Al ver esas imágenes recordé la estupenda película “La selva esmeralda” (John Boorman, 1985) que relata un hecho verídico ocurrido en el Brasil: durante la construcción de una supercarretera a través de la selva amazónica, la esposa y el hijo pequeño de un ingeniero fueron a visitarlo en el lugar de obras. En un descuido, el chico fue secuestrado por indígenas y no se supo más de él durante muchos años. En cada verano el padre se guarnecía de los elementos necesarios y se metía en la selva en busca de su hijo. Diez años después, cuando el chico tenía ya dieciocho años, lo encontró viviendo como un indígena en una tribu remota. Cuando el padre le increpó al cacique, quien había asumido el rol de padre, por qué lo había secuestrado, el indígena no dudó en responder: “Lo vi tan hermoso, tan pequeño, tan frágil, que me horrorizó que pudiera estar viviendo en medio de aquel salvajismo, y decidimos traerlo con nosotros para que tuviera la posibilidad de una vida feliz”. 

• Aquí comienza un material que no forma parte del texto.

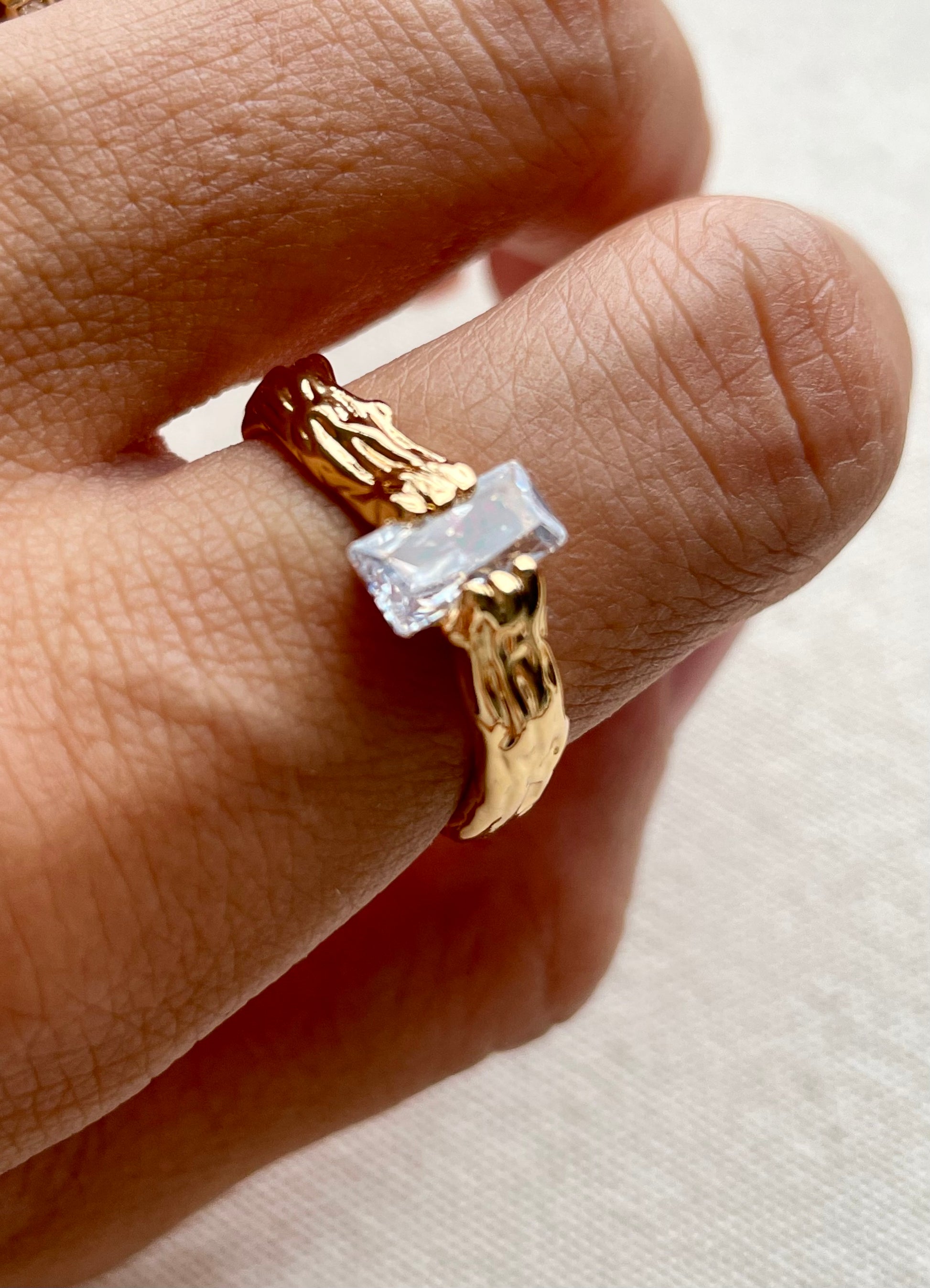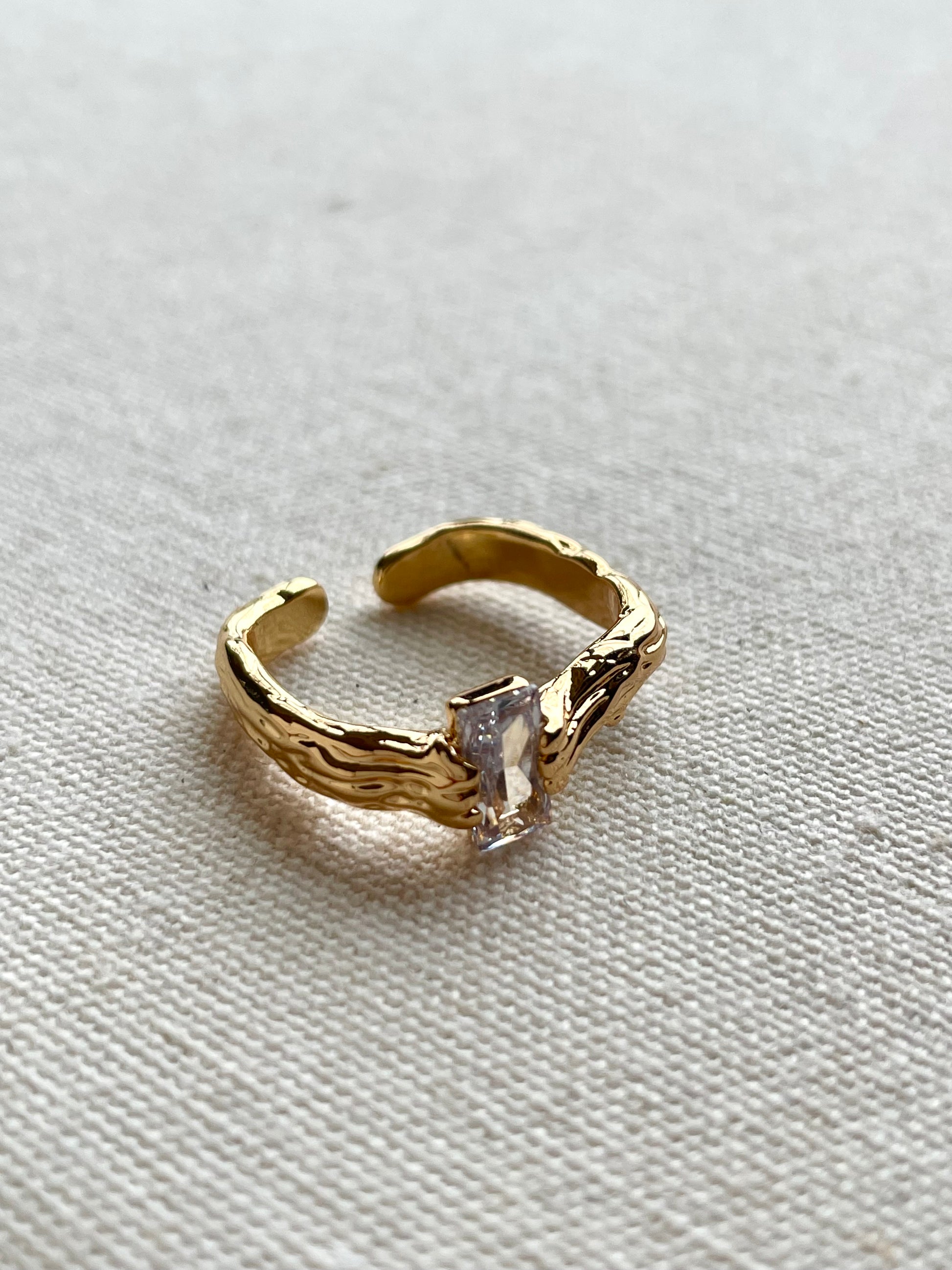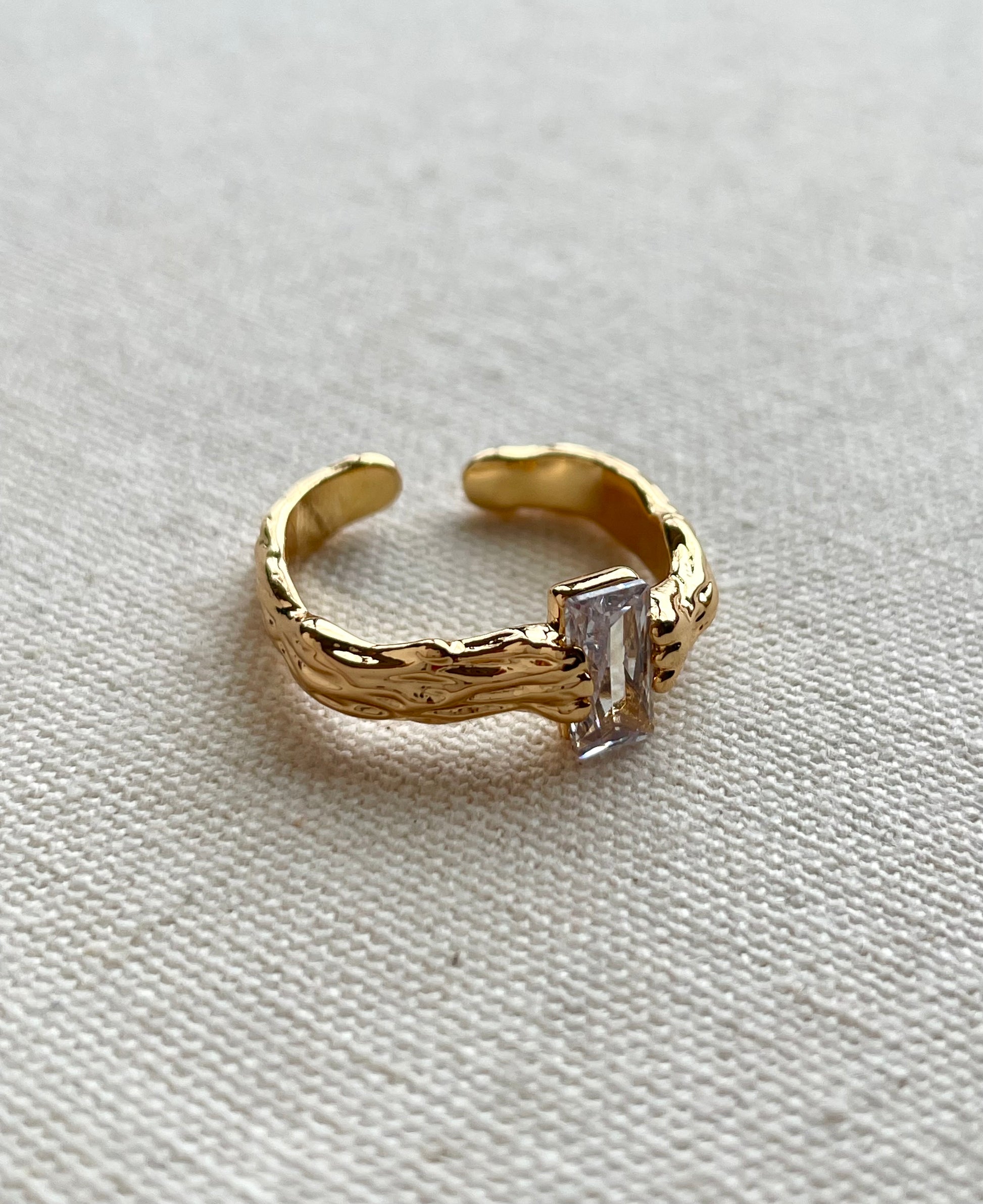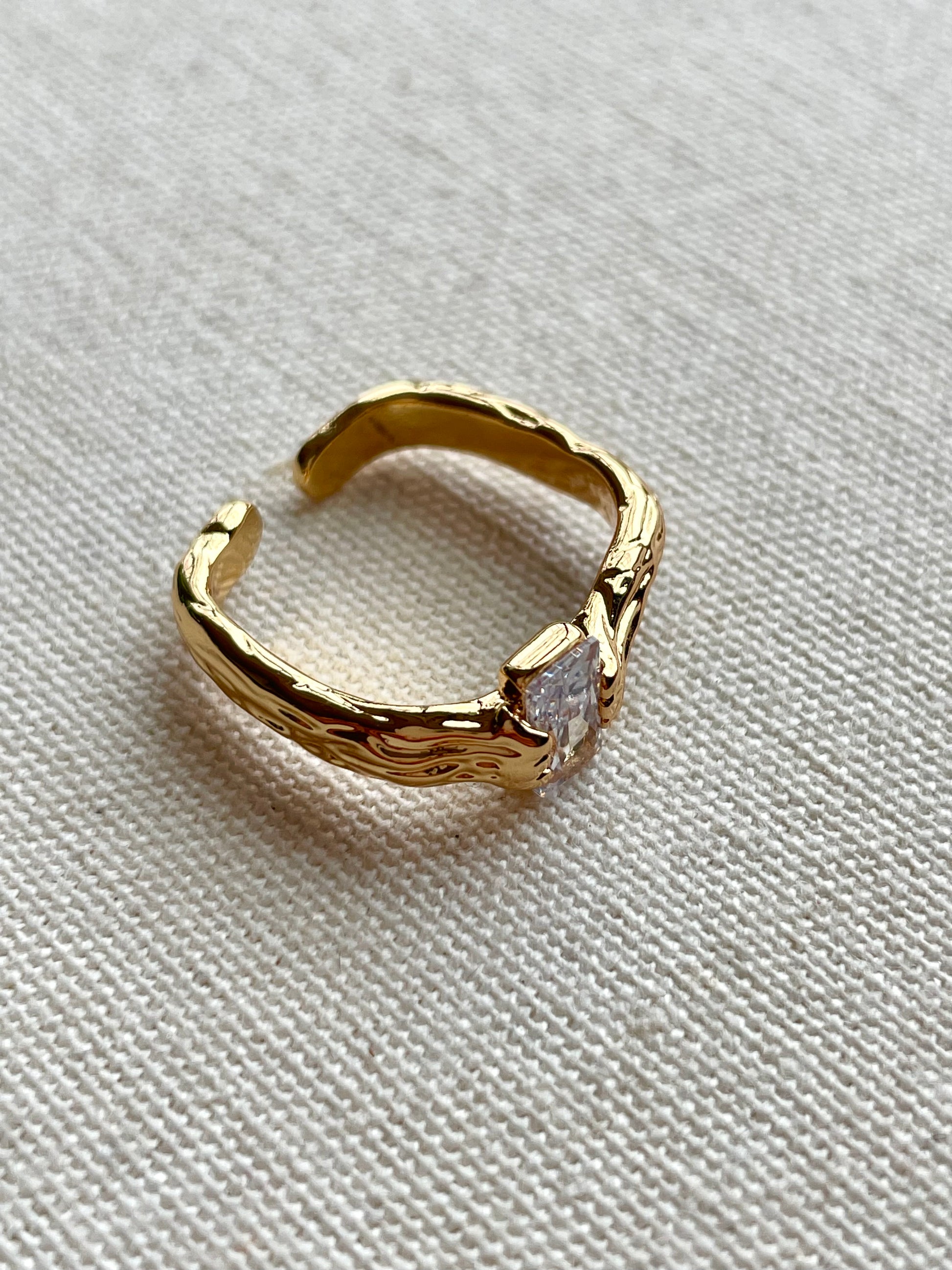 Chiếc nhẫn Carrie mang thiết kế hiện đại với điểm nhấn độc đáo: phần mở điều chỉnh linh hoạt, giúp ôm vừa vặn mọi kích thước ngón tay, mang lại sự thoải mái tối đa khi đeo. Được chế tác từ hợp kim cao cấp phủ mạ vàng 18K sang trọng, chiếc nhẫn trở nên nổi bật với đá zircon trắng được cắt mài tinh xảo, tỏa ánh sáng lấp lánh đầy cuốn hút.

En contrapartida, nosotros no hemos secuestrado ningún niño para rescatarlo de la barbarie del otro, sino hemos secuestrado el futuro de nuestros hijos y nuestros nietos negándoles la posibilidad de vivir en un mundo con el aire limpio, en un ambiente acorde con la naturaleza porque nos hemos dedicado a terminar con ella sin motivos claros que lo justifiquen. Quizá para vender la madera, para poder plantar muchísimas hectáreas más de soja que trae mayor cantidad de dinero al país aunque no a sus ciudadanos. Y lo único que nos queda a unos pocos tontos sentimentales es emocionarnos y sentir nostalgia en presencia de estas imágenes que nos quedaron del pasado porque a alguien se le ocurrió apretar el disparador de una cámara fotográfica y decir “nosotros también tuvimos una selva esmeralda”.